Intervention de Christian Eckert

Réunion du 21 novembre 2014 à 14h30
Loi de finances pour 2015 — Article additionnel après l'article 3

Christian Eckert, secrétaire d'État :

Monsieur le sénateur, vous proposez de différer au 1er janvier 2013 l’entrée en vigueur du mécanisme de report d’imposition des plus-values réalisées par les contribuables lors d’une opération d’apport de titres à une société qu’ils contrôlent.

Vous cherchez ainsi à corriger les effets de l’entrée en vigueur d’une mesure anti-abus, à savoir le mécanisme dit d’apport-cession et la réforme des gains de cession des valeurs mobilières.

A priori, je ne suis pas favorable à votre proposition. J’ai été saisi, comme vous, du cas que vous évoquez. Peut-être certains autres de vos collègues l’ont-ils été également. Mes services ont été informés de cette situation, qui leur a été signalée au cours de la consultation publique sur l’instruction administrative relative à la récente réforme du régime des gains de cession de valeurs mobilières.

Cette situation résulte de l’application des textes adoptés par le Parlement. La manière dont vous la présentez la fait apparaître comme particulièrement choquante et portant atteinte au principe d’égalité devant l’impôt : je ne partage pas votre analyse.

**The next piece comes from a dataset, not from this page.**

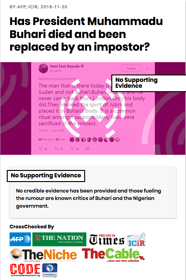 Aiyetan gives an example of a recently debunked rumour that claimed President Muhammadu Buhari had been cloned as proof of the power of collaborative verification.
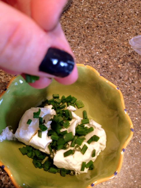 | Mix about 2 oz room temperature goat cheese with chopped chives. |

Je voudrais tout d’abord revenir sur la réalité de l’ampleur de ce problème. Les opérations pouvant être traitées fiscalement de la manière telle que vous la décrivez sont les seules opérations d’apport à une société contrôlée par le contribuable ayant eu lieu entre le 14 novembre 2012 et le 1er janvier 2013, soit pendant un mois et demi.

Je rappelle également que les opérations de fusion de société donnant lieu à échanges de titres n’entrent pas dans le champ de la mesure anti-abus, mais donnent lieu à un sursis d’imposition.

Dès lors, les contribuables qui ont réalisé sur cette période ces opérations bien spécifiques savaient qu’ils entraient dans un dispositif particulier de taxation, qui aurait un impact sur les règles applicables à leur opération.

Je ne veux pas dire qu’ils pouvaient anticiper l’ensemble des règles qui leur seraient applicables, mais ils n’étaient pas non plus totalement démunis. Surtout, de combien de contribuables parlons-nous ? Je sais qu’il y a eu une certaine agitation autour de cette question, que des courriers types ont circulé. J’en ai reçu, mes services aussi. Toutefois, je ne voudrais pas que nous légiférions sur un cas particulier. Je ne suis en effet absolument pas convaincu de l’opportunité de décaler l’entrée en vigueur du dispositif dit d’apport-cession.

Je rappelle que ce dispositif s’applique aux opérations réalisées à partir du 14 novembre 2012, date de l’annonce de la mesure en conseil des ministres, afin, justement, d’éviter les comportements d’optimisation fiscale.

Cette entrée en vigueur anticipée, adoptée par la représentation nationale au regard de sa vocation anti-abus, comme l’ensemble des mesures de la lutte contre la fraude et l’optimisation fiscale et sociale de la troisième loi de finances pour 2012, a été jugée conforme à la Constitution. Revenir sur ce choix serait contraire à l’objectif, à savoir mettre fin à des schémas d’optimisation.

Par ailleurs, je nourris quelques doutes, s’agissant d’une question très technique, sur le plan juridique. En effet, votre proposition revient à décaler rétroactivement l’entrée en vigueur d’un régime d’imposition, ce qui, vous en conviendrez, est plutôt original.

Au surplus, avant d’assouplir la loi, il faudrait à tout le moins que nous nous assurions que la mesure envisagée permet, d’un point de vue pratique, de répondre à la question posée.

Vous l’aurez compris, je serais plus à l’aise, mesdames, messieurs les sénateurs, si, plutôt que d’agir sur le seul fondement d’un sentiment diffus, nous nous donnions le temps de l’analyse et de la réflexion.

Si vous retiriez votre amendement, monsieur le sénateur, nous pourrions en discuter de nouveau, si cela est nécessaire, au cours de l’examen du collectif budgétaire.

En effet, la mesure proposée, très technique, nécessite une évaluation complémentaire, pour que nous puissions en mesurer complètement l’impact et la pertinence. Je le répète, je ne suis pas opposé à ce que nous y revenions dans le cadre du collectif budgétaire – il n’est d’ailleurs pas trop tard. Selon moi, l’adoption, aujourd'hui, de cette mesure reviendrait à nous faire courir un risque.

Je demande donc le retrait de cet amendement. À défaut, je me verrai contraint d’émettre un avis défavorable.